How To: Guides for users and Maryland T3 admins.

Help: Links and emails for further info.

Configuration: technical layout of the cluster, primarily for admins.

Log: Has been moved to a Google page, accessible only to admins.

Open Science Grid

Description Install, configure, and run an Open Science Grid compute and storage element using BeStMan-Gateway on an NFS mounted disk array.
Notes These instructions are for OSG 1.2 (OSG 0.8, OSG 1.0 archives). You are better off following the official OSG3 Release documentation.
Last modified July 30, 2013

Table of Contents

Install Pacman:

Description Install pacman, the OSG installation manager.
Dependencies None
Notes  
Guides  

As root (su -) on the GN:

Request host certificates:

Description Get site and service certificates.
Dependencies None
Notes These are only additional notes, follow the official OSG guide to get certificates.
Guides - OSG guide to getting site certificates

If you choose to install GUMS, you will need host and http certs for your GUMS host as well. We install GUMS on our HN, so place two more requests using hepcms-hn.umd.edu instead of hepcms-0.umd.edu.

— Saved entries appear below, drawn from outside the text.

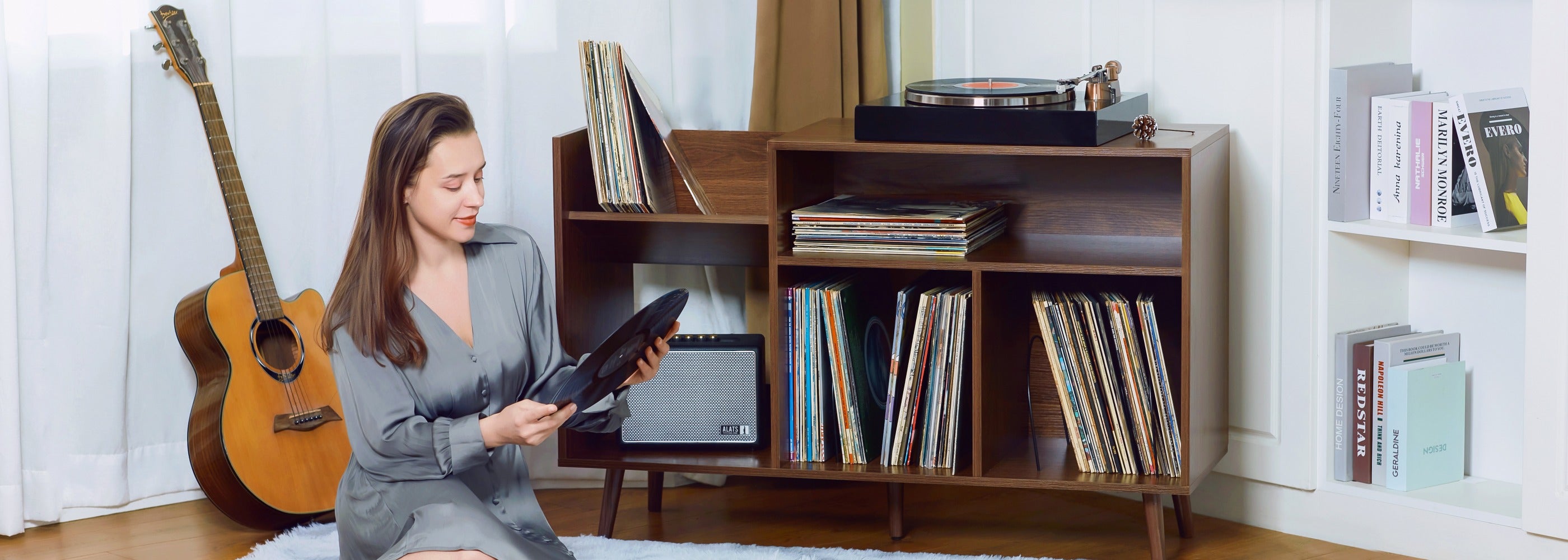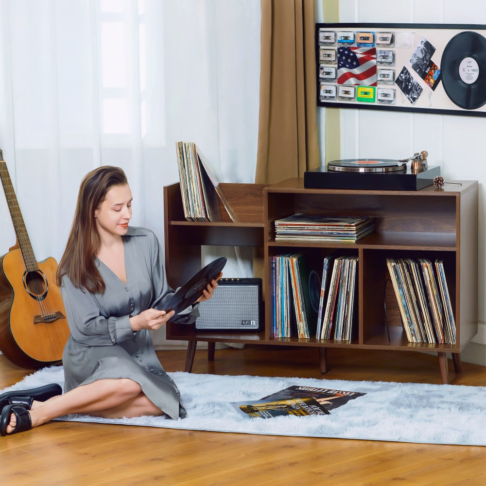This vinyl record storage cabinet holder uses a rustic brown natural wood grain design with solid wood decorative legs. It retains the retro wood texture, but without losing the modern pop style.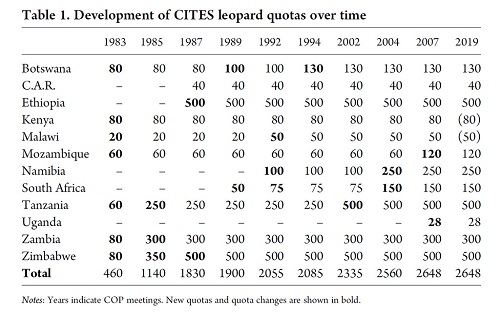 Editorial note: Many countries do not make use of their full CITES export quotas. For example, South Africa has access to a CITES export quota of 150 leopards (see table below), but in 2018 permitted a quota of seven leopards.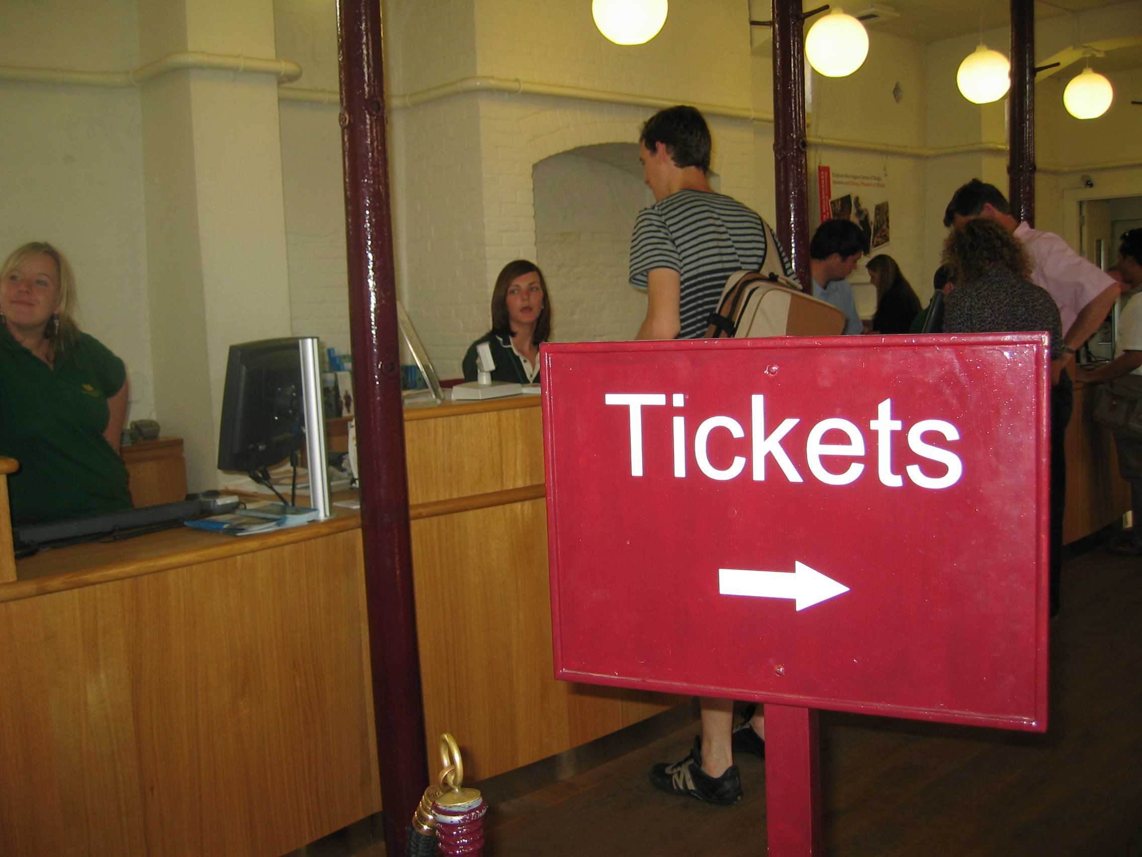 This sign was concreted into the floor, it wasn't just misplaced, there was no ticket desk to the right of the sign, just a wall. The arrow is painted on and is not movable. There is absolutely no excuse for the blatant and unconvincing signage falsehood.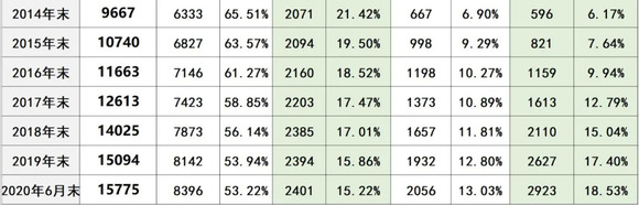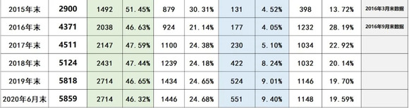 呈下降趋势,截止2020年6月末,其核电占比仅为46.32%。

Install and configure the CE, BeStMan, and the WN client

Description Install all OSG core software, specifically the compute element, a BeStMan-Gateway storage element, and the worker node client.
Dependencies - Site certificates
- pacman
- Disk array network mounted on all nodes
- Installation directory network mounted on all nodes
Notes We install the worker-node client, the CE, and SE all on the same node (the grid node) and the CE & SE in the same directory.
Guides

- OSG release documentation
- VDT documentation
- OSG Tier-3 guide
- OSG ports guide

Prepare the environment:

Description Prepare to install OSG by creating the appropriate directories, network mounting, installing xinetd, and changing the output of hostname.
Dependencies - Base installation directory (we use /sharesoft) network mounted on all nodes
Notes We install the worker-node client, the CE, and SE all on the same node (the grid node) and the CE & SE in the same directory.
Guides - How to change the output of hostname
  1. Create the appropriate directories. As root on the GN (su -):
    mkdir /scratch/osg
    cd /scratch/osg
    mkdir wnclient-1.2 ce-1.2
    ln -s wnclient-1.2 wnclient
    ln -s ce-1.2 ce
    ln -s ce-1.2 se

    mkdir -p app/etc
    chmod 777 app app/etc
    mkdir /hadoop/osg
    chown root:users /hadoop/osg
    chmod 775 /hadoop/osg
  2. Have all nodes (including the GN) mount /scratch/osg on the GN as /sharesoft/osg. Edit /etc/auto.sharesoft on the HN as root (su -) and add the line:
    osg grid-0-0.local:/scratch/osg
  3. We use /tmp on the WNs as the temporary working directory for OSG jobs. If you haven't done so already, configure cron to garbage collect /tmp on all of the nodes.
  4. Either Rocks 5.4 or SL 5.4 doesn't install the xinetd service on the GN, which is needed by OSG services. Install it, start it, and add it to the boot sequence:
    yum install xinetd
    /etc/rc.d/init.d/xinetd restart
    chkconfig --add xinetd
    chkconfig xinetd on
  5. On a Rocks appliance, the command hostname outputs the local name (in our case, grid-0-0.local) instead of the FQHN. OSG needs hostname to output the FQHN, so we modify our configuration such that hostname prints hepcms-0.umd.edu following these instructions. Specifically:
    1. In /etc/sysconfig/network, replace:
      HOSTNAME=grid-0-0.local
      with
      HOSTNAME=hepcms-0.umd.edu
    2. In /etc/hosts, add:
      128.8.164.12 hepcms-0.umd.edu
    3. Then tell hostname to print the true FQHN:
      hostname hepcms-0.umd.edu
    4. And restart the network:
      service network restart
    5. Important: log out from the GN and log back in again before proceeding. (otherwise your CE install below may not pick up the correct hostname)
  6. Follow the OSG ports guide to open up necessary ports. Additionally, be sure to edit the vdt-local-setup.(c)sh files after you have installed the CE to set the globus port ranges.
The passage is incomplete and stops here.